Maduro’s administration is now committing “serious” human rights violations by oppressing protesters, Boric added. Chile’s government neither trusts the independence nor the impartiality of Venezuelan institutions, he said.
“Chile doesn’t recognize Maduro’s self-proclaimed triumph,” Boric said. “We won’t validate results that haven’t been verified by international organizations that are independent from the regime.”
Since taking office in 2022, Boric has spoken out against international human rights violations from Gaza to Ukraine and Nicaragua. He was one of the first heads of state to question the outcome of Venezuela’s election, saying shortly after the initial results were released that the Maduro victory was “hard to believe.”
The US said last week that Maduro’s opposition rival, Edmundo Gonzalez, clearly won the most votes and called for a peaceful transition of power.

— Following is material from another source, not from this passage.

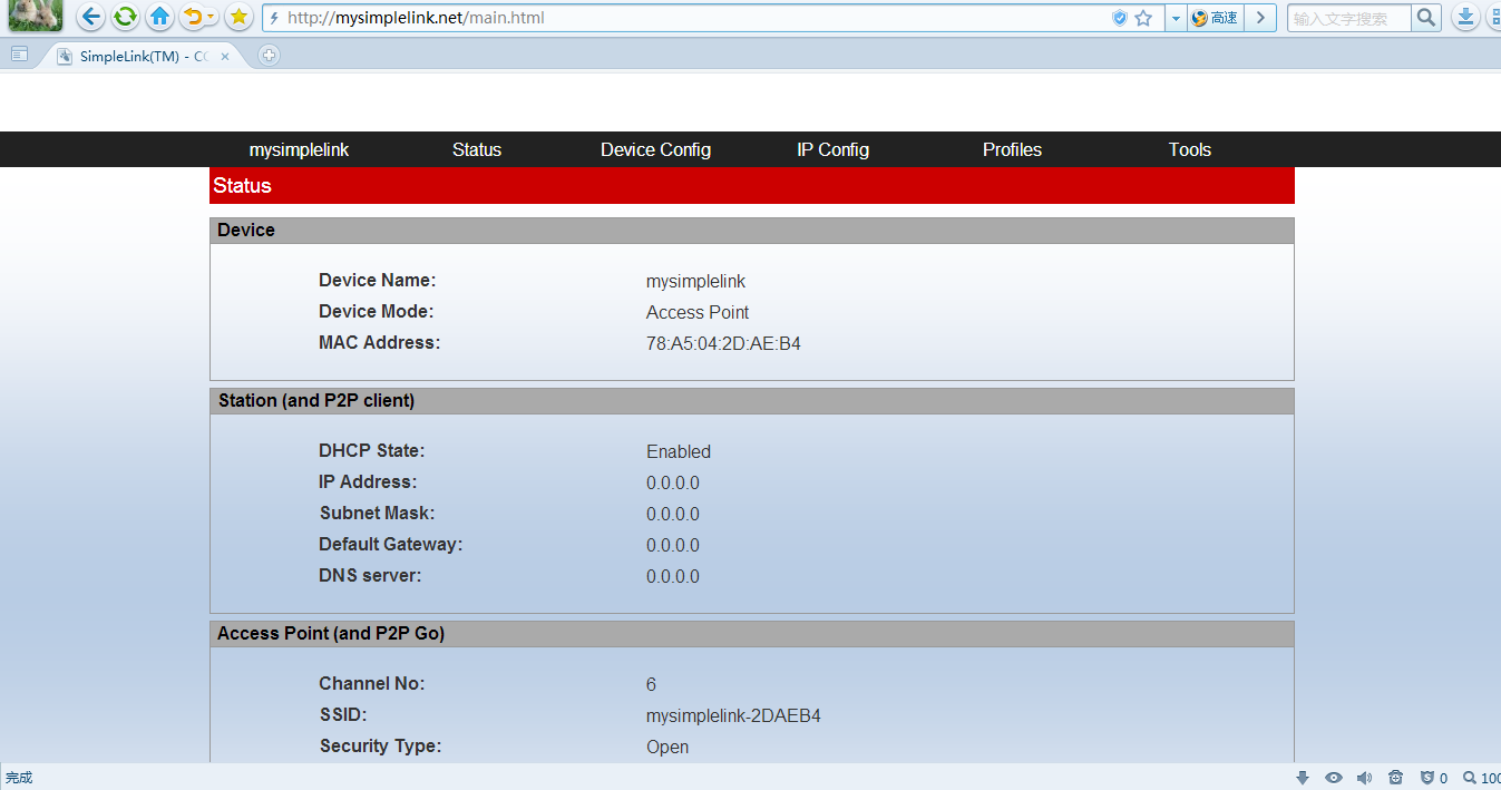 使用CC3200SDK中的http server的AP模式,mysimplelink.net内无Dome功能
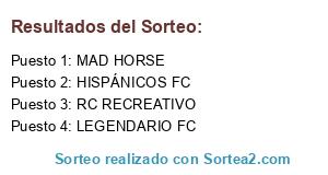 Lista de participantes: HISPÁNICOS FC, RC RECREATIVO, MAD HORSE, LEGENDARIO FC.

Regional heavyweights Brazil, Mexico and Colombia, meanwhile, are refraining from taking sides until a thorough accounting of the vote is released.
Boric met with Brazilian President Luiz Inacio Lula da Silva in a previously-scheduled state visit this week, with both leaders only briefly referring to Venezuela in public. Lula is coordinating with his Mexican and Colombian counterparts on potential calls with both Maduro and Gonzalez, according to Brazilian officials familiar with the matter.
Venezuela’s regime-controlled electoral authority says Maduro won 52% of the vote, but it has yet to release detailed results. The opposition has published records from about 80% of voting stations that suggest Gonzalez secured at least 70% support, sparking nationwide protests.
Maduro, who has ruled Venezuela since the death of his mentor Hugo Chavez 11 years ago, has threatened to jail Gonzalez and banned opposition leader Maria Corina Machado for fomenting dissent and alleged electoral meddling.
The government said Monday it had arrested at least 2,200 protesters, with Maduro promising to send them to maximum-security prisons for 30 years — the same sentence doled out to murderers. Human-rights organizations, whose tally of detentions is lower, say 24 people have been killed by the regime since the election. The news media is also being targeted, with 7 local reporters being locked up and 14 other media workers deported, according to Venezuela’s journalists union.
Separately Wednesday, Gonzalez declined to appear before the Supreme Tribunal of Justice in Caracas. The regime-controlled top court is conducting an audit of the results and Maduro’s accusations that it was the opposition that attempted to rig the vote. Gonzalez, in a post on X, cited concerns about both the legality of the proceedings as well as his own safety in explaining his decision not to attend.
Attending the hearing, he said, would “put at risk not only my freedom but, more importantly, the will of the Venezuelan people expressed on July 28.”